The main aim of Chytritect is to reduce the tedious amount of time and work it takes to diagnose amphibians with Chytridiomycosis in the field. Here we prove our ability to achieve this goal.
To obtain samples for tests, E.coli cells were inoculated with the target DNA of Bsal and placed in an incubator for 18-24 hours. Extraction of DNA from samples was then performed using the QIAprep Miniprep Kit protocol to obtain the pure DNA sample.
The extraction of the DNA component of Chytritect makes use of a microfluidic chip which uses surface chemistry to extract the DNA. Chytritect was able to successfully extract DNA with about 85% efficiency within a time of about 30 minutes.
For detection of Bsal, PCR was performed to amplify the target DNA. CRISPR/cas12a complex was pipetted into amplified DNA and the sample was checked every 5minutes for 40mins under UV light. CRISPR/cas12a was able to successfully detect the presence of Bsal as shown in the image below.
Figure 1: Detection results with CRISPR/cas12a- Sample with Bsal on the left and control on the right
To confirm that CRISPR/cas12a was detecting the correct target DNA, Gel electrophoresis was performed on the amplified DNA samples. As shown by the image below, Gel electrophoresis confirmed that the sample being detected by CRISPR/cas12a was indeed the Bsal target DNA.
Figure 2: Gel electrophoresis on target DNA sample.
The detection component of Chytritect uses a concentrator chip that causes the sample to concentrate at its center, allowing Chytritect to bypass the PCR step and thereby reducing largely the entire required for diagnoses. With the sample centered at the center of the concentrator chip, CRISPR/cas12a complex is then added to the sample to detect the presence of Bsal. Our results show rapid detection on the concentrator chip within 4 minutes.

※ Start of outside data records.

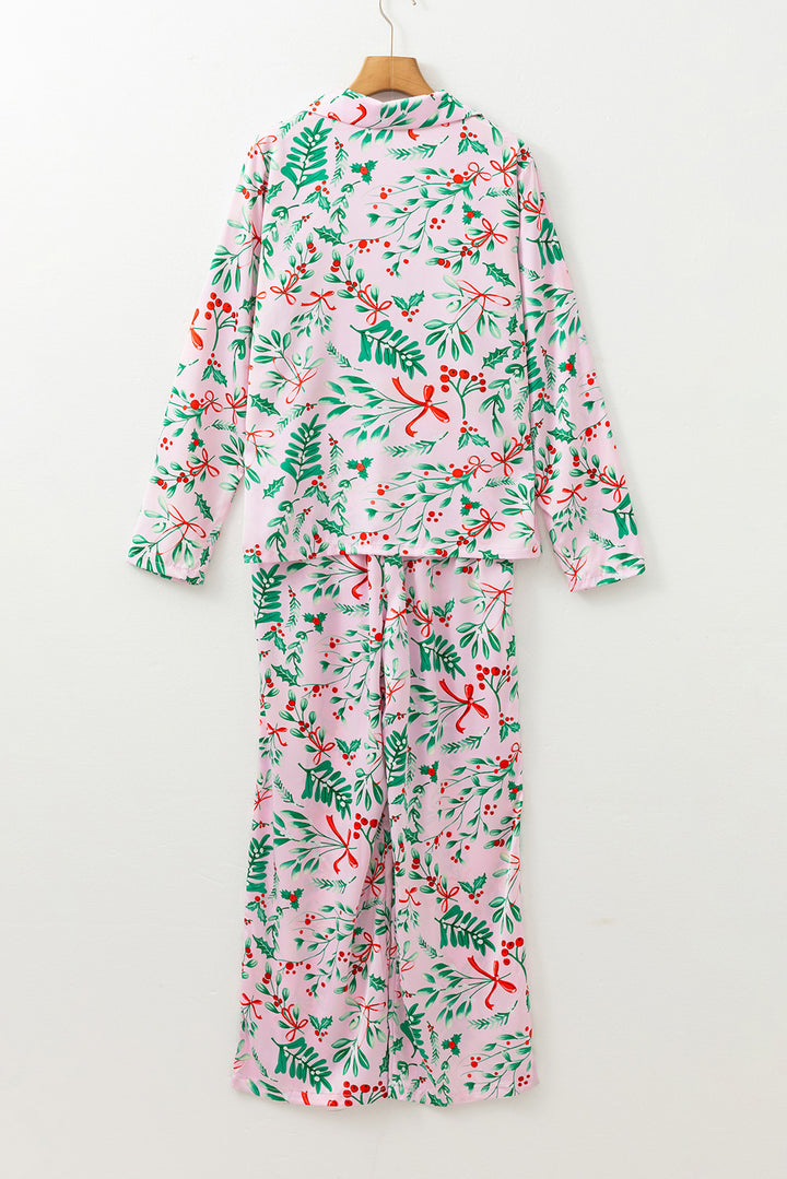 Christmas Berries Plant Print Satin Long Sleeve Pajama Set
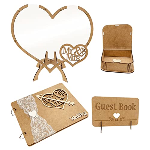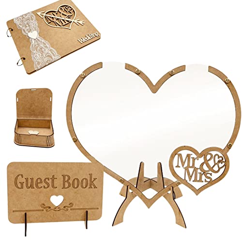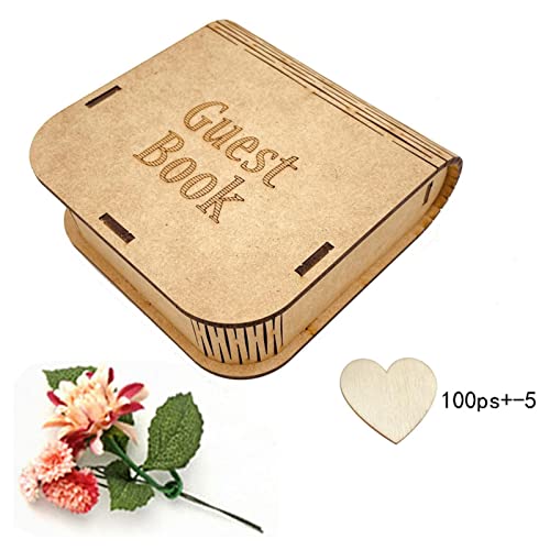 Qserd Libro degli ospiti per matrimonio, a forma di cuore, in legno, con 100 cuori per il messaggio degli ospiti
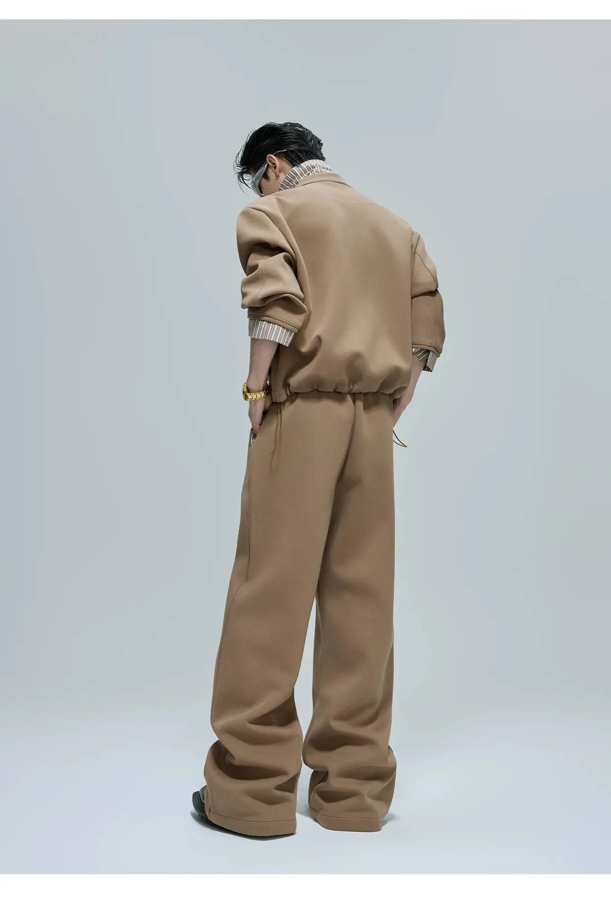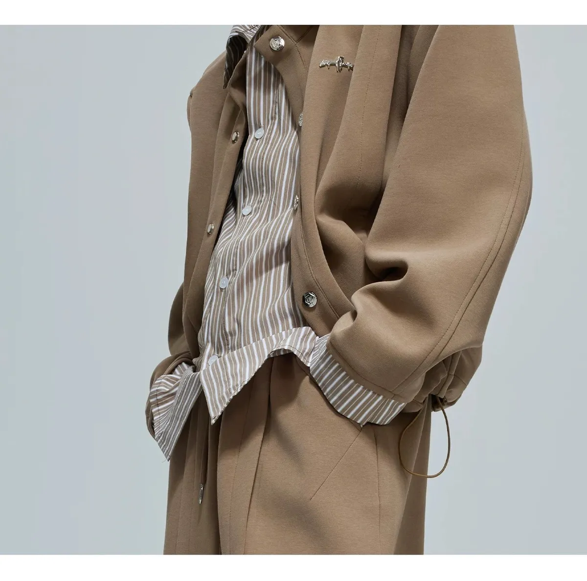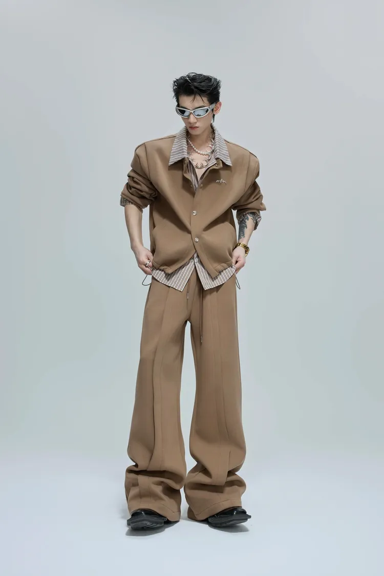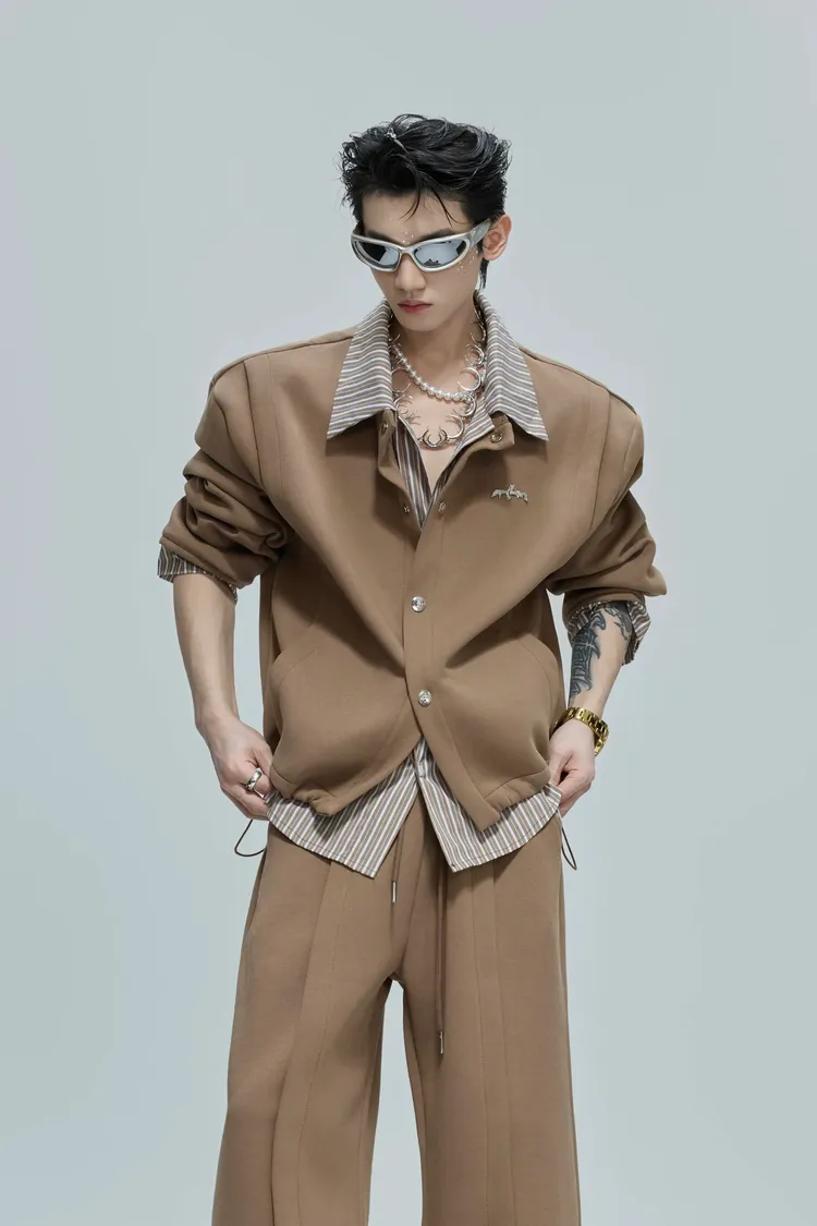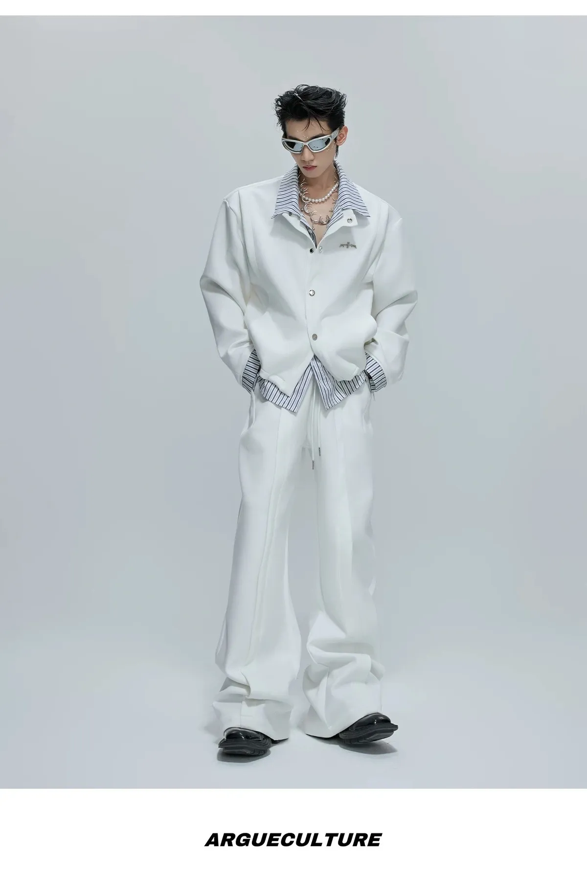 ARGUE 襯衫拼接 假兩件 西裝褲 套裝(白/卡其)
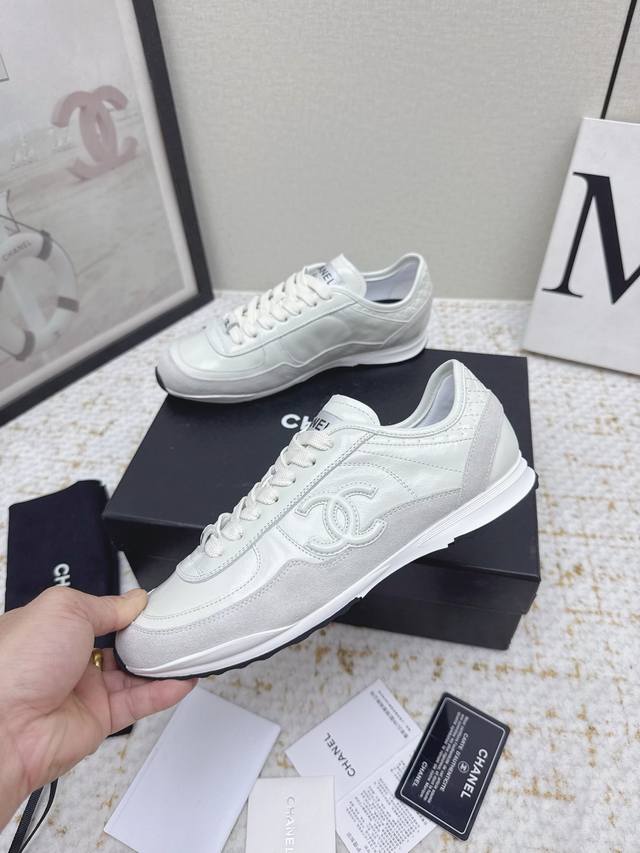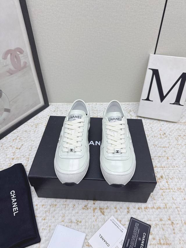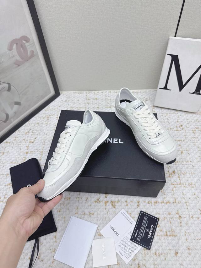High-quality factory-made Chanel 25 new panda sneakers/casual shoes. These are extremely popular and hard to find, the hottest platform panda shoes online. A must-have for Chanel lovers! These stylish and comfortable white sneakers are incredibly versatile and easy to match with anything. A no-brainer purchase; everyone looks good in them. Upper: Imported calfskin, imported suede. Lining: Imported sheepskin. Outsole: Original TPU outsole. Size: #35-41. Sizes 40 and 41 are custom-made and non-refundable.
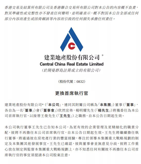 建业地产:杨明耀接替王俊成为首席执行官【图文】
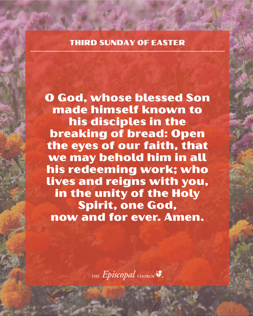 O God, whose blessed Son made himself known to his disciples in the breaking of bread: Open the eyes of our faith, that we may behold him in all his redeeming work; who lives and reigns with you, in the unity of the Holy Spirit, one God, now and for ever. Amen.
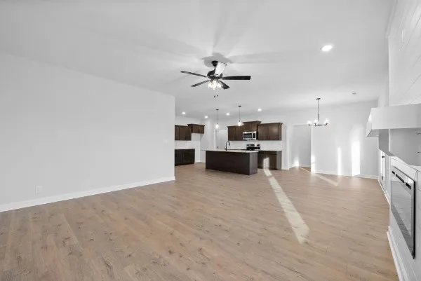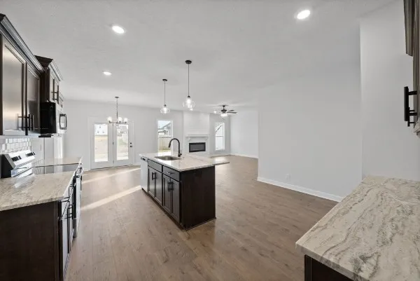 Four bedrooms all on the main floor make this stunning ranch-style home as functional as it is beautiful! Step through the front door and you’ll immediately feel the airy openness of the expansive open-concept floor plan. The heart of the home is the large, inviting kitchen featuring a generous island that’s perfect for entertaining or casual meals. Overlooking the spacious great room with its cozy shiplap fireplace, this layout ensures you’ll always be part of the conversation.\n
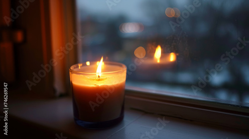 A burning candle, delicately placed on the window sill, casts a soft and gentle glow, illuminating the surrounding space with grace and tranquility.
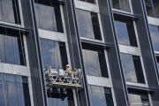 Seorang pekerja menyelesaikan pemasangan dinding kaca bangunan salah satu hotel, di Mataram, NTB, Senin (19/4/2021). Kementerian Ketenagakerjaan mengeluarkan Surat Edaran nomor M/6/HK.04/IV/2021 tentang Pelaksanaan Pemberian Tunjangan Hari Raya (THR) Keagamaan Tahun 2021 bagi pekerja/buruh di perusahaan pada 12 April 2021 yang isinya antara lain tentang denda dan sanksi yang dikenakan bagi perusahaan jika tidak melakukan kewajiban membayar THR kepada karyawannya termasuk perusahaan yang terdampak COVID-19 sehingga tidak mampu memberikan THR 2021 sesuai dengan waktu yang telah ditentukan. ANTARA FOTO/Ahmad Subaidi/hp.
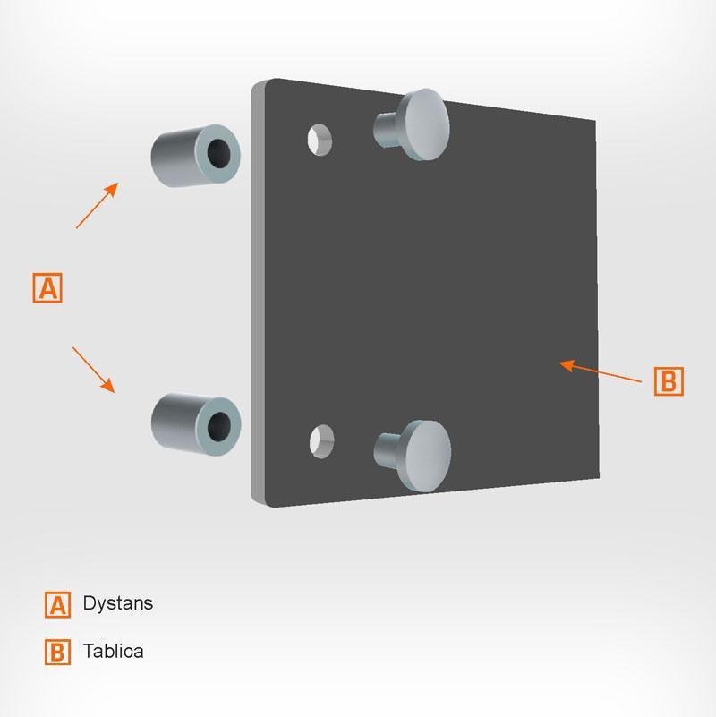Płyta dowolnych rozmiarów (B) mocowana za pomocą złączek dystansowych (A).

To determine the limiting number of DNA copies per microlitre at which Bsal can be detected in the lab, the experiments were performed on samples with different copy numbers ranging from 10^10 copies/µl to 1 copy/µl. The result showed that the limit of detection was at 10^3 DNA copies per microlitre(see Figure 3).
Figure 3: Results showing the limit of detection at 10^3 copies per microlitre.
As summarized in the results page, we found the limit of detection of the concentrator chip module to be as low as 1 copy per microlitre. This represents a highly sensitive device which can differentiate between a low fungal load and a negative sample.
To find out the concentration of starting DNA in a swab we performed the following experiment.
This showed us that the initial DNA concentration before passing it through the chip will have an average of 520 ng/ul. Using results from our efficiency tests and our limit of detection tests, we can conclude that the initial concentration is sufficient for downstream detection of Bd/Bsal.